Strikingly, all three of these mutant viruses contained amino acids which are different from the highly conserved asparagine at position 297. As described above, asparagine 297 of 3D^pol is completely conserved among positive-strand RNA viruses of eukaryotes and is situated in an apparently critical position in the nucleotide binding pocket. Asparagine 297 appears to participate in NTP binding and may assist in the crucial function of discriminating between NTPs and dNTPs. As this amino acid residue is central to the function of the polymerase but its role in RNA replication is somewhat unclear, we further explored the biological phenotypes of these novel polymerase mutants.

In vivo characterization of 297 pseudorevertants.

The 3D^pol mutations were introduced into poliovirus plasmid clones by site-directed mutagenesis to produce three mutant plasmid clones, pMo-297A/286L, pMo-297G, and pMo-297A/239G, from which well-defined viral stocks were produced. Viruses obtained from molecular clones recapitulated the plaque phenotypes observed in the original revertant viruses, having small, very small, or minute plaques (Fig. 2A).

FIG. 2.

Viable 3D^pol297 mutants. (A) Viable polioviruses with mutations at 3D^pol position 297. Three-day plaque assays are shown. Approximately 50 minute plaques (and 1 small plaque) are visible in the 297A/239G well. (B) Virus production from high-MOI (10 PFU/cell) infections with wild-type, 297A/286L, 297G, and 297A/239G viruses. Wild-type virus reached maximum titers of 10⁹ PFU/ml by 6 h postinfection. 297A/286L, 297G, and 297A/239G viruses reached maximum titers of 3 × 10⁸, 2 × 10⁸, and 5 × 10⁶ PFU/ml, respectively, by 12 h postinfection. Results from a representative experiment are shown; titer variations between experiments were generally within a threefold range.

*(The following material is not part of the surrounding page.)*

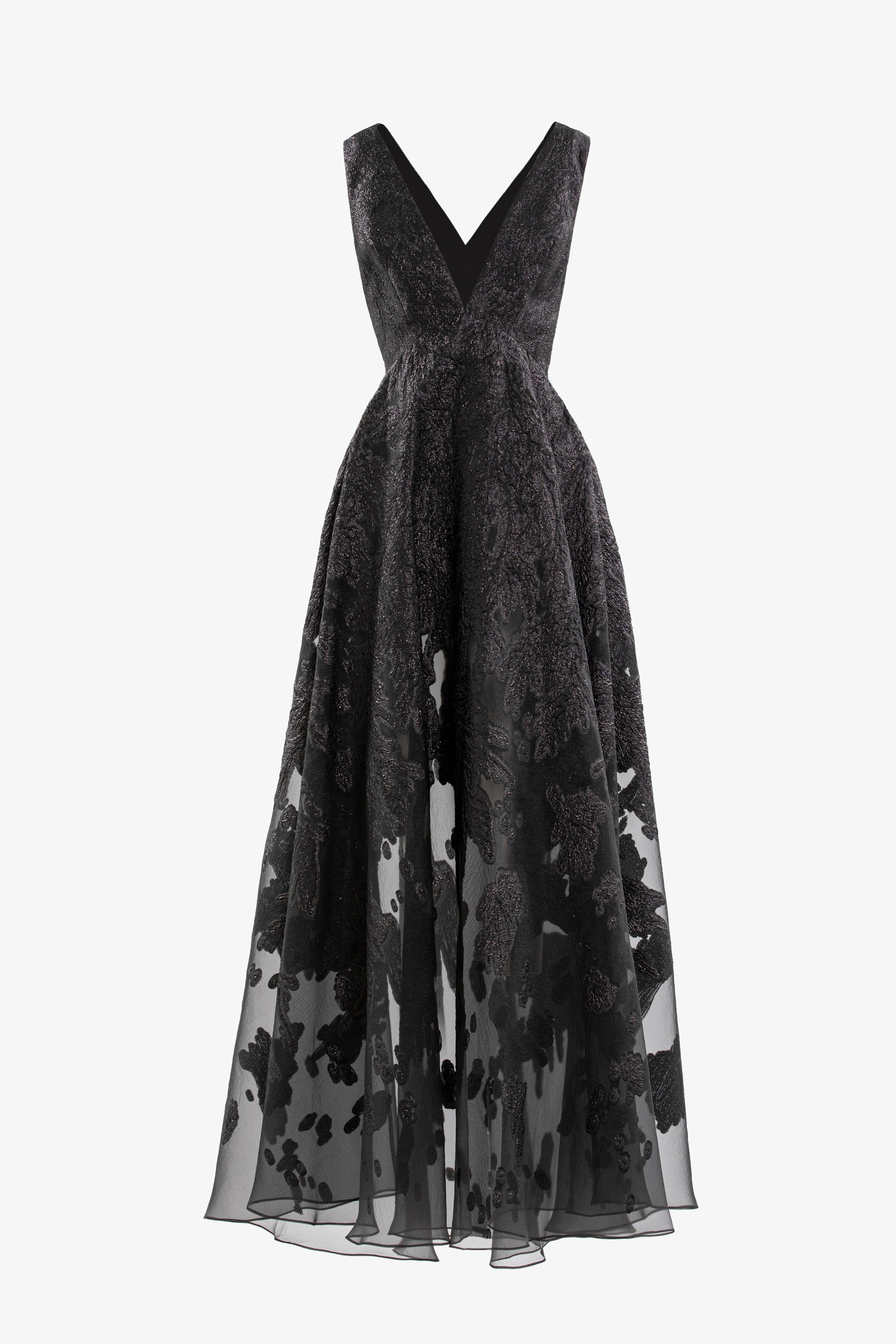 A jet-black, floor-length dress crafted from luxurious brocade fabric, featuring a V-neckline and sleeveless design. The dress is elegantly detailed with pockets and a transparent hemline.

All three viruses had severely defective growth kinetics under one-step growth conditions (Fig. 2B). Wild-type poliovirus reached maximum virus production of 1.5 × 10⁹ PFU/ml by 6 h postinfection, but no virus production by the three mutants was detected at that time point. Limited virus production of 297A/286L, 297G, and 297A/239G was detected at 8 h (data not shown), and maximum titers were observed at 12 h postinfection (Fig. 2B). Pseudorevertants 297A/286L and 297G grew to relatively high titers of 1 × 10⁸ to 3 × 10⁸ PFU/ml under these conditions, whereas mutant 297A/239G was severely defective for virus production, generating only 3 × 10⁶ PFU/ml, a 500-fold decrease from wild-type levels.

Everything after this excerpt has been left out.